On Tue, 15 Dec 2009, artur bala wrote:
Allin Cottrell a écrit :
I have now (in CVS) changed the behavior of smpl --restrict so
that it doesn't strive to produce a balanced panel
It works fine! Thanks!
unless you give the new --balanced option.
What still intrigues me when using the --balanced flag is that the
number of observations provided (n = xxx) doesn't fit the number of 0s
(or 1s) according to FRS. Here's the output:
? smpl FRS=0 --restrict --replace --balanced
Full data set: 686 observations
Current sample: 1:1 - 97:3 (n = 291) # there are 269 observations with
FRS=0
? smpl FRS=1 --restrict --replace --balanced
Full data set: 686 observations
Current sample: 1:1 - 98:7 (n = 686) # there are 417 observations with
FRS=1
Do you find it somewhat misleading?
1) I'm assuming that if someone has a panel dataset, then they
probably want to be able to apply panel-specific methods if at all
possible.
2) In gretl, it is possible to apply such methods *only* if the
dataset constitutes a balanced panel (with an equal number of time
series observations for each cross-sectional unit).

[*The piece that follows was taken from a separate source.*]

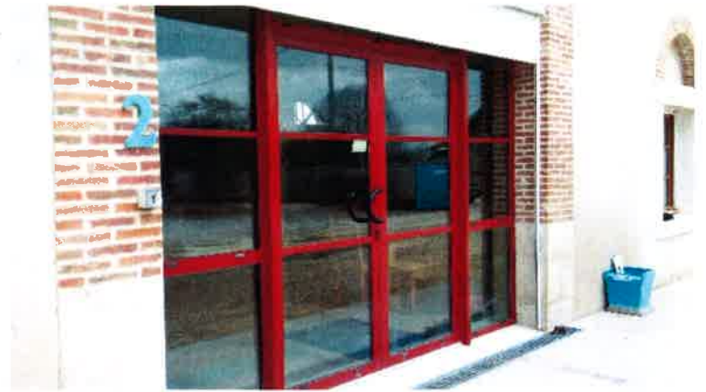
Porte d'entrée avec élément de repérage à deux hauteurs différentes et identification des bâtiments par un numéro

3) However, the requirement at point 2 is in a sense "formal":
some of the time-series observations may be composed of NA
(missing) values.
4) Therefore, when a user sub-samples in a way that would
"naturally" destroy the panel structure of the data, we offer the
"--balanced" option as a means of reconstituting the panel
structure. This necessarily involves "padding" the observations
for least some of the cross-sectional units with missing values.
5) Note that such padding observations will not be used in
calculating statistics of any sort. They are there purely to
satisfy the formal requirement of balance (which we need for
"accounting" purposes).
In your example:
? smpl FRS=0 --restrict --replace --balanced
Full data set: 686 observations
Current sample: 1:1 - 97:3 (n = 291)
# there are 269 observations with FRS=0
That's right: the extra 291 - 269 = 22 'observations' are padding
rows. But only the observations that actually have FRS=0 will be
used by gretl in calculating any statistical results.
If you don't want the padding, don't choose --balanced.
Allin Cottrell